(GIVEN RECORDS begins)
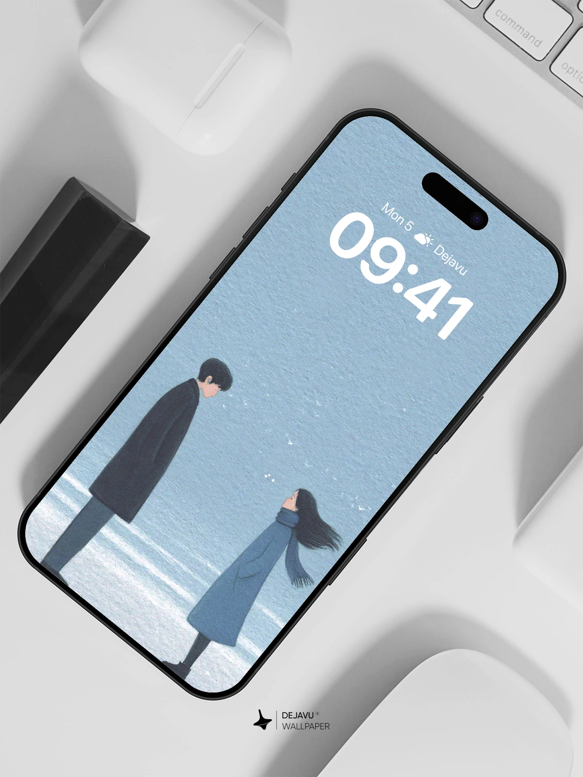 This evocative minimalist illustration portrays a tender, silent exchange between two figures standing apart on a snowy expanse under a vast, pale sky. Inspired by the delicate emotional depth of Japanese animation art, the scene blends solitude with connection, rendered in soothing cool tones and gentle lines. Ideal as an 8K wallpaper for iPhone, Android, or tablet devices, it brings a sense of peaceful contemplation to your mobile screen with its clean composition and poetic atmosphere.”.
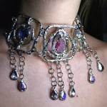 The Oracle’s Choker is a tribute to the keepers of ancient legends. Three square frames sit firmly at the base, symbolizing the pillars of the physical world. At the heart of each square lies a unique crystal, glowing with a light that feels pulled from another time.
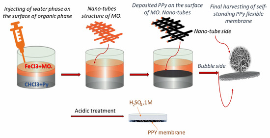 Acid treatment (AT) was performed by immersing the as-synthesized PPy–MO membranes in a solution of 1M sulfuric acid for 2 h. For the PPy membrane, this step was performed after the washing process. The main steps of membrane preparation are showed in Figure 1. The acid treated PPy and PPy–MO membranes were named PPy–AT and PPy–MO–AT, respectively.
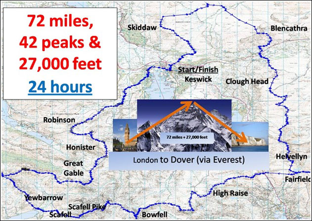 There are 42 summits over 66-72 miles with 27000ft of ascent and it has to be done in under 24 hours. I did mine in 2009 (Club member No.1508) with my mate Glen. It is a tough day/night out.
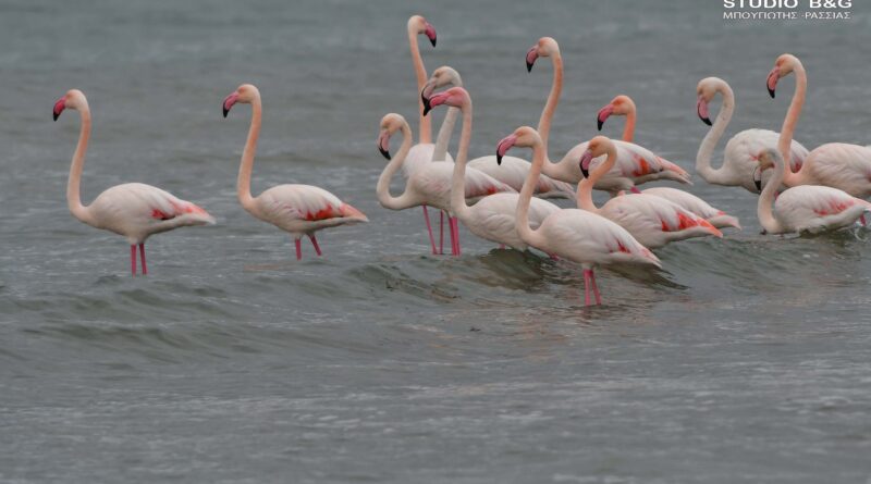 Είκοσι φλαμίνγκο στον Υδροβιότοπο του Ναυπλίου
(GIVEN RECORDS ends)
WHAT TO WORK ON:
From the line containing "There are 42" down to the last line of the entries above, copy each line exactly and nothing more. Leave pictures out.

RESPONSE FOR THIS EXERCISE:
 There are 42 summits over 66-72 miles with 27000ft of ascent and it has to be done in under 24 hours. I did mine in 2009 (Club member No.1508) with my mate Glen. It is a tough day/night out.
 Είκοσι φλαμίνγκο στον Υδροβιότοπο του Ναυπλίου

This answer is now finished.